PKKP traditional owners examining artefacts on country in the Pilbara region of Western Australia. Source: Supplied
Kellie Parker was appointed head of the company’s Australian operations in March. She has worked for the company for 20 years and has spent many years in the Pilbara.
She said Rio Tinto was committed to doing what it could to rebuild its shattered relationships.
“We know that we have to do things in a different way on our mine planning, and one of the things that we’d really like to do is truly learn from this, where we actually set a new benchmark or best practice around cultural heritage and mining, and we set the industry standard,” she told NITV’s The Point program.“We’re working with the peak bodies, not only for mining, but also for the Indigenous community, to understand how we actually get to co-management of our mining.”
Rio Tinto Australia CEO Kellie Parker Source: Karen Michelmore
A year on from the blasts, much has changed.
Three senior Rio Tinto executives were forced to resign, albeit with significant payouts. Global investors have attempted to hold the company to account in a way that would have been unimaginable before the destruction.
But the pain for Traditional Owners, and the fall out, continues.
“No amount of money will ever replace that,” Mr Hayes said.
“Nothing. I’d rather have the rock shelter back than you write me a check. That’s how I feel about it.”
An archaeological report funded by Rio Tinto identified one of the caves as being of “the highest archaeological significance in Australia”, with some 7000 artefacts uncovered there, including a 4000-year-old human hair belt which linked the site directly to the ancestors of the current Traditional Owners.A federal parliamentary inquiry launched after the blasts handed down an interim report in December, finding that Rio Tinto “knew the value of what they were destroying but blew it up anyway”.
May 24 will mark one year since Rio Tinto blasted two rock shelters at Juukan Gorge in the Pilbara. Source: Supplied
The parliamentary investigation is continuing, and has been travelling around the country hearing about the threat to other cultural sites and the serious failings of state and territory, and Commonwealth, legislation to protect country.
Rio Tinto also continues to feel heat. A week ago at its Annual General Meeting in Perth investors voted against big bonuses for top executives, in protest at the destruction.
Rio Tinto’s Australia CEO Kellie Parker said since the blasts, the company had re-examined more than a thousand cultural heritage sites, abandoning a potential 54 million tonnes of iron ore.“We looked at over 1000 cultural heritage sites, and we put them from "Cleared mining", to "Prohibited", to ensure that we went back to all the Traditional Owners to say, is it cleared for mining? No, we need to check,” Ms Parker said.
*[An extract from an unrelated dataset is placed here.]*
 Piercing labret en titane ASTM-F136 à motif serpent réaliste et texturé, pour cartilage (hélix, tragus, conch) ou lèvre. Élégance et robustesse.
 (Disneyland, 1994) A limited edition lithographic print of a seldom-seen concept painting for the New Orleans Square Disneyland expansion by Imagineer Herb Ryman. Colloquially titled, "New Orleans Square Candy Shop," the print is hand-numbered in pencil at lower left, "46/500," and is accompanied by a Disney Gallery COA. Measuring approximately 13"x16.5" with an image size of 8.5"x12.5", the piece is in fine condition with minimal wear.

A sign marks a place of a heritage site on Rio Tinto’s Brockman 4 mine site. Rio Tinto has reviewed more than a thousand heritage sites since the destruction at Juukan Gorge a year ago. Source: Supplied
“And if it's not clear for mining then we put a buffer zone around it immediately so that that is not cleared at all.
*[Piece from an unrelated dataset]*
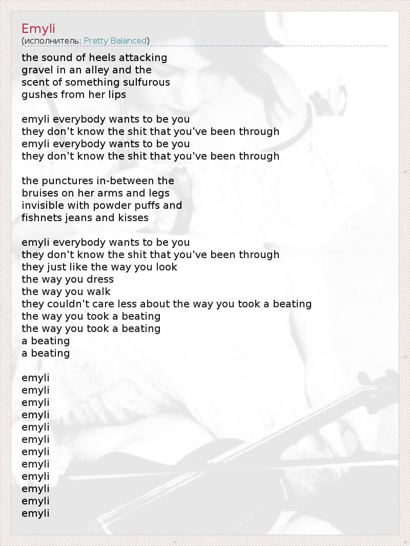 the sound of heels attacking gravel in an alley and the scent of something sulfurous gushes from her lips emyli everybody wants to be you they don't know the shit that you've been through emyli everybody wants to be you they don't know the shit that you've been through the punctures in-between the bruises on her arms and legs invisible with powder puffs and fishnets jeans and kisses emyli everybody wants to be you they don't know the shit that you've been through they just like the way you look the way you dress the way you walk they couldn't care less about the way you took a beating the way you took a beating the way you took a beating a beating a beating emyli emyli emyli emyli emyli emyli emyli emyli emyli emyli emyli emyli

“And that process is ongoing to make sure that we are talking with every Traditional Owner group.”
The company is also working with the PKKP and structural engineers to see what parts of the shelters could be potentially restored, or rebuilt.
“We’ll never mine the Juukan area. We know that,” she said.
“It’s been taken off our mine plan and it will be... a safe place, for PKKP.”
For Traditional Owners like Burchell Hayes there is still a long way to go to rebuild trust.
“We’ve had to reset the relationship,” he said.“I’m sure there are other Traditional Owners in the Pilbara that are looking at what’s happened here, and the way that PKKP is moving forward in resetting that relationship.
The red rocky mountains are a feature of PKKP’s country in the Pilbara region of Western Australia. Source: Supplied
“We want to make sure that the outcome we achieve is one that is going to be sustainable for our future generation, and they are able to benefit from the work that we do now in resetting this relationship, so that we avoid something like this ever happening again on our country.”